Editorial: State, feds must walk fine line
Published 12:00 am Saturday, August 11, 2018
- (123RF)
American health officials are, with good reason, working to get the nation’s opioid addiction problems under control. That’s evident in the effort by Oregon Health Authority to come up with new ways to address chronic pain and by the federal Food and Drug Administration to create new prescribing guidelines for the powerful painkillers.
They’ve taken on a pair of difficult tasks both of controlling access to the drugs and ensuring that people with chronic pain problems get the relief they need.
The problem of opioid abuse is huge. Between 1999 and 2016, according to the Centers for Disease Control, about 350,000 Americans died of opioid abuse. Another 49,000 plus died in 2017.
Locally, 5.18 Deschutes County residents per 100,000 died of opioid overdoses between 2011 and 2015; in Crook County, that number was 8.66 per 100,000. No deaths were reported in Jefferson County.

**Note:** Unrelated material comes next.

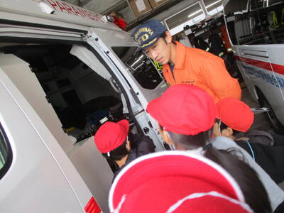 3年生は社会科の学習で、寒河江消防署を見学させていただきました。

For now, the state is considering moving several painful chronic conditions above its cutoff line for treatment of Oregon Health Plan (Medicaid) participants. If that happens, those suffering from such things as fibromyalgia and chronic pain syndrome would be eligible for treatments and therapies that would help them manage pain without the use of addictive drugs beginning in 2020. OHP members with back pain already are eligible.
At the same time the federal Food and Drug Administration is developing new opioid prescription guidelines that would allow variations depending upon the condition involved. That’s a change from the current one-size-fits-all guidelines. The aim, again, is to make sure that those who need drugs have them, while those who can do with less get less.
Both agencies are working to address a serious drug problem, and that’s good. Both also apparently recognize that a single limit may provide too much for some and too little for others. Balancing need for all may not be easy, nor accomplished quickly. They both must be willing to reconsider and fine-tune their rules as more information becomes available.